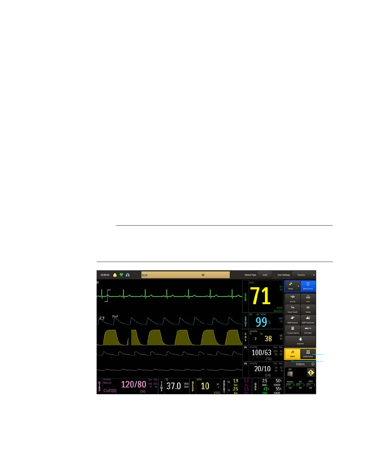 When an alarm is indicated, always confirm the alarm conditions with clinical observations of the
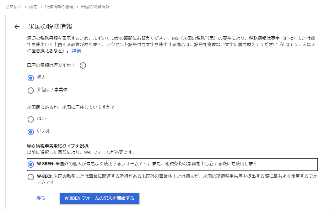 すると次の質問に遷移する.「米国民であるか,米国に居住していますか?」には「いいえ」,「W-8 納税申告用紙タイプを選択」では「W-8BEN」をチェックする.「W-8BEN フォームの記入を開始する」ボタンをクリックする.
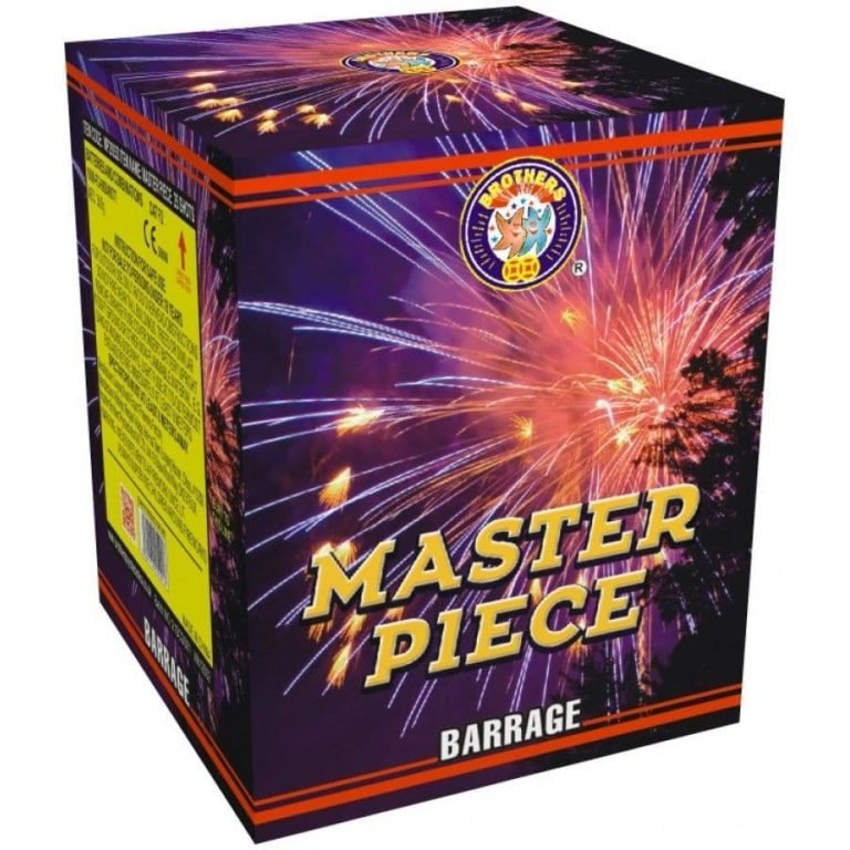 Elevate your display with Master Piece by Brothers Pyrotechnics, a stunning 25-shot barrage firework that blends colour, power, and elegance into one unforgettable show. With 300g of NEC and 1.3G classification, this firework packs a serious punch, making it a favourite for any celebration.

» **PROBLEM REQUIREMENTS**: Down to the last line, print the material exactly, but not its pictures.

» **WRITTEN REPLY**:
 When an alarm is indicated, always confirm the alarm conditions with clinical observations of the
 すると次の質問に遷移する.「米国民であるか,米国に居住していますか?」には「いいえ」,「W-8 納税申告用紙タイプを選択」では「W-8BEN」をチェックする.「W-8BEN フォームの記入を開始する」ボタンをクリックする.
 Elevate your display with Master Piece by Brothers Pyrotechnics, a stunning 25-shot barrage firework that blends colour, power, and elegance into one unforgettable show. With 300g of NEC and 1.3G classification, this firework packs a serious punch, making it a favourite for any celebration.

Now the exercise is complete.